Re-create journalism for a new era
I’m aware that some will be impatient with criticism of how AI and agents might re-make our world without any attempt to come up with answers so let me have a go.
First of all, as the organisers so elegantly expressed in their conclusions we need to find better ways of engaging news audiences in the debate. What do they want and how do they want it - but crucially, asked at the same time as offering a glimpse of the possibilities that might unfold.
I was inspired by Nikita Roy’s challenge about what journalism might become, released from the containers we’ve traditionally packaged it in (the web page, the article). The idea of journalism developing new powers, new capabilities, and new audiences perhaps becoming more accessible and woven into our lives is an exciting prospect. As is the way we can derive more value from our existing news (like we have been doing in the BBC) via the multi modal capabilities of AI. Norway’s Verdens Gang newspaper has an AI driven app and market testing lab and Schibsted is using Videofy to create multi modal versions of text stories.
Newsrooms, it was agreed, urgently need to be empowered to experiment to diversify, and they need to learn. In the words of Nikita (much quoted in the breaks) ‘awareness is not immunity’. And then of course there’s the role of regulation and governance which I won’t dwell on here except to say I can’t see us building this new world without effectively engaging with it.
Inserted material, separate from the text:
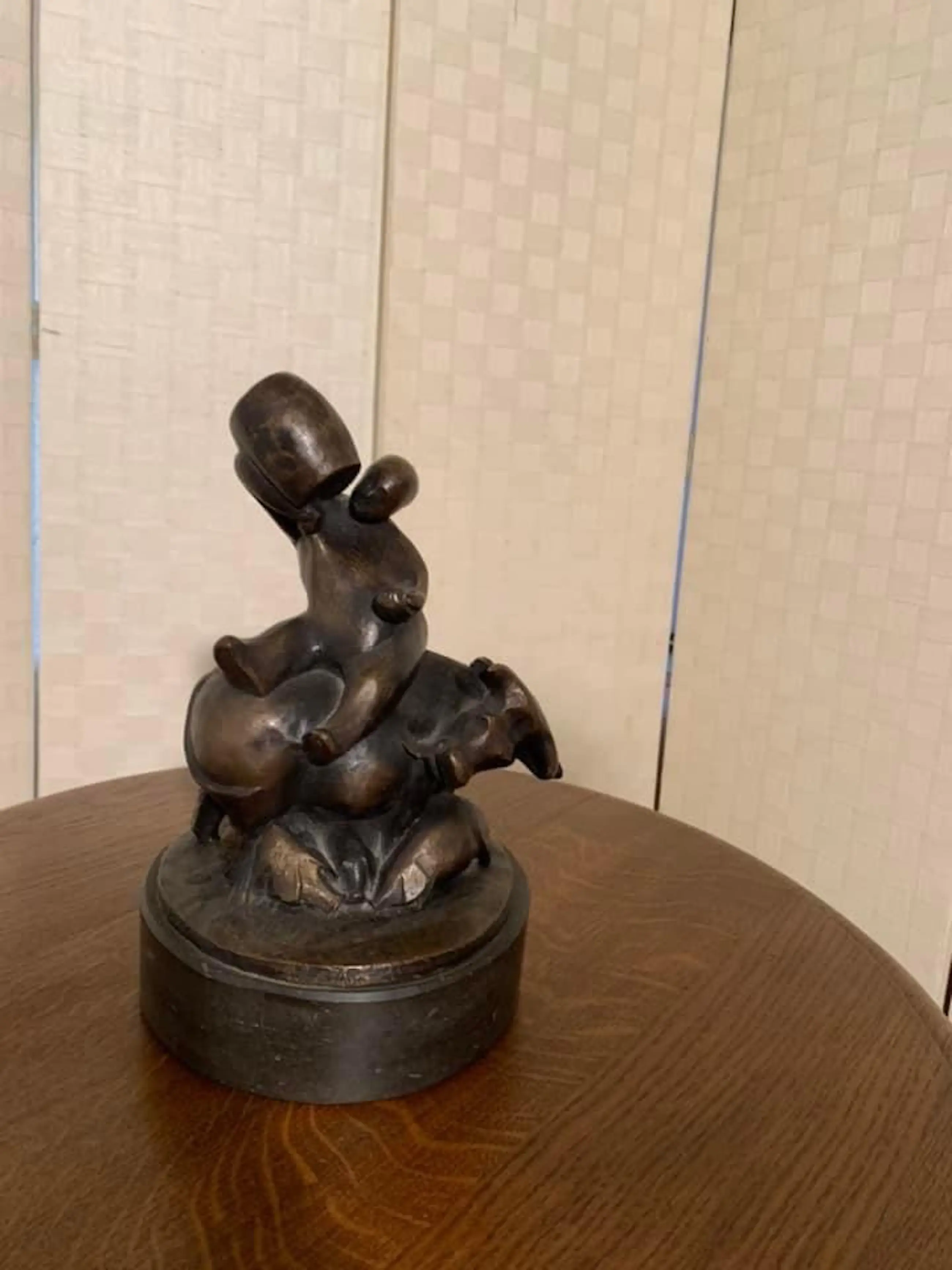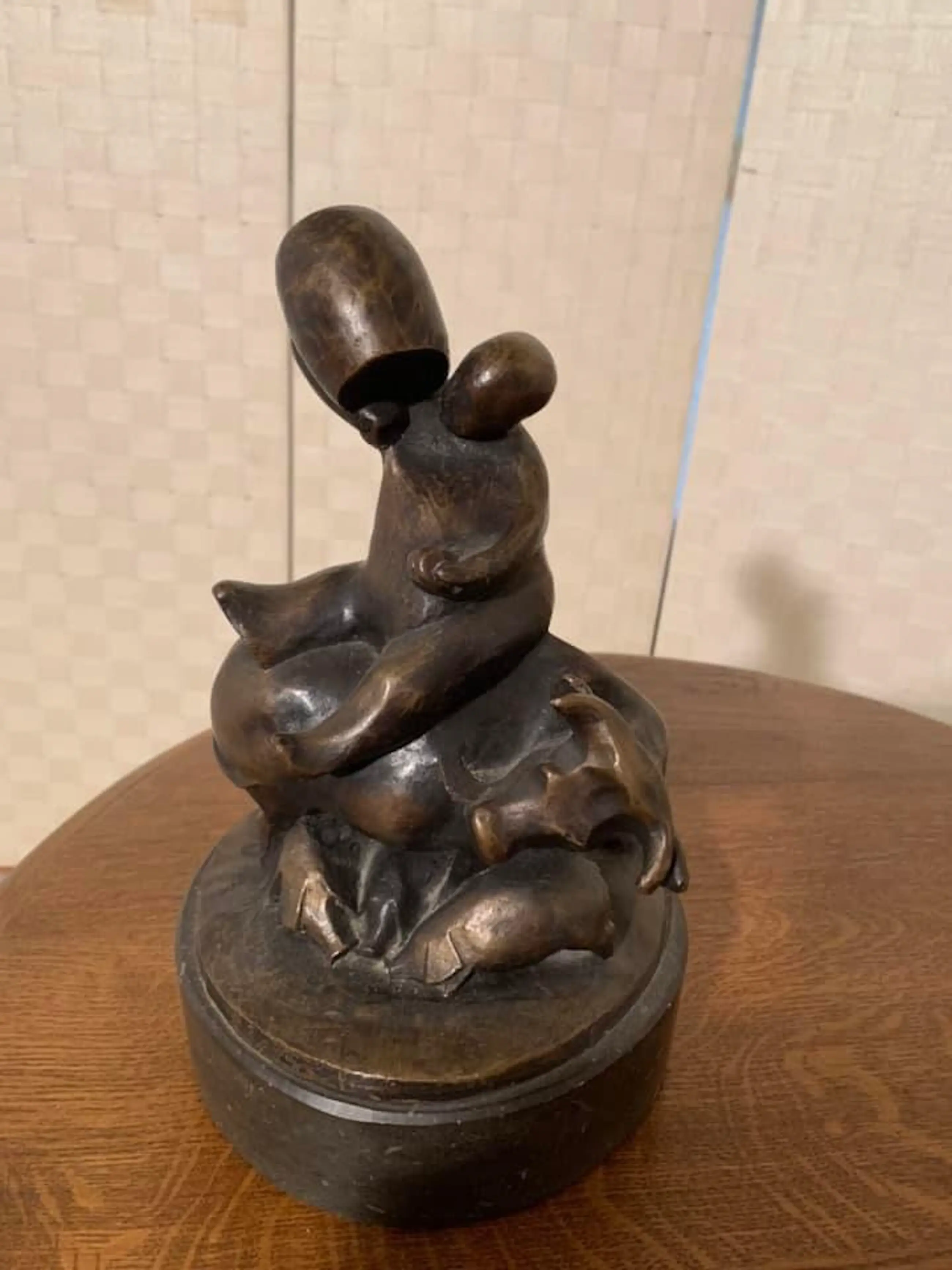 Lou Boonman, Borrelmanneke, 1982, gegoten brons en arduin.

What I’d really like NOT to see is two schools of thought becoming (as everything else is in society) polarised. The ‘burn it to the ground and build from scratch’ and the ’stick a preservation order on it while we work it out’. Neither will work.
What’s clear is that we don’t, can’t have a full picture yet of what will come but thanks to NAMS and the many other events that work so hard to generate this kind of debate, we’re getting closer.
I’ll end with a provocation offered to me - I won’t say by whom to respect the Chatham House roles of the breakouts. “You’re either building the bomb Laura, or you’re watching the bomb building built. The bomb is getting built. Where are you?’ Having given this some consideration, my intemperate first answer ‘on the team, messing with the plutonium’ stands, but does it have to be a bomb? What’s the version of this that is the ploughshare that we can conspire to build so that the precious information that sustains our democracies and our human rights is used to nourish our society - and without exploiting those who create it?

So are long reads, features and serendipity marginalised at one end of the barbell for those with time and money? If that’s the drift I’m glad you mention the importance of PSM. And also that you touch on, without using the word, “significance” - something my algorithmic feeds seem unable to assess.
And a good end note - we’re only building a bomb if we allow others to do that or choose to do so. The direction of tech is not a blind inevitability - it’s a choice.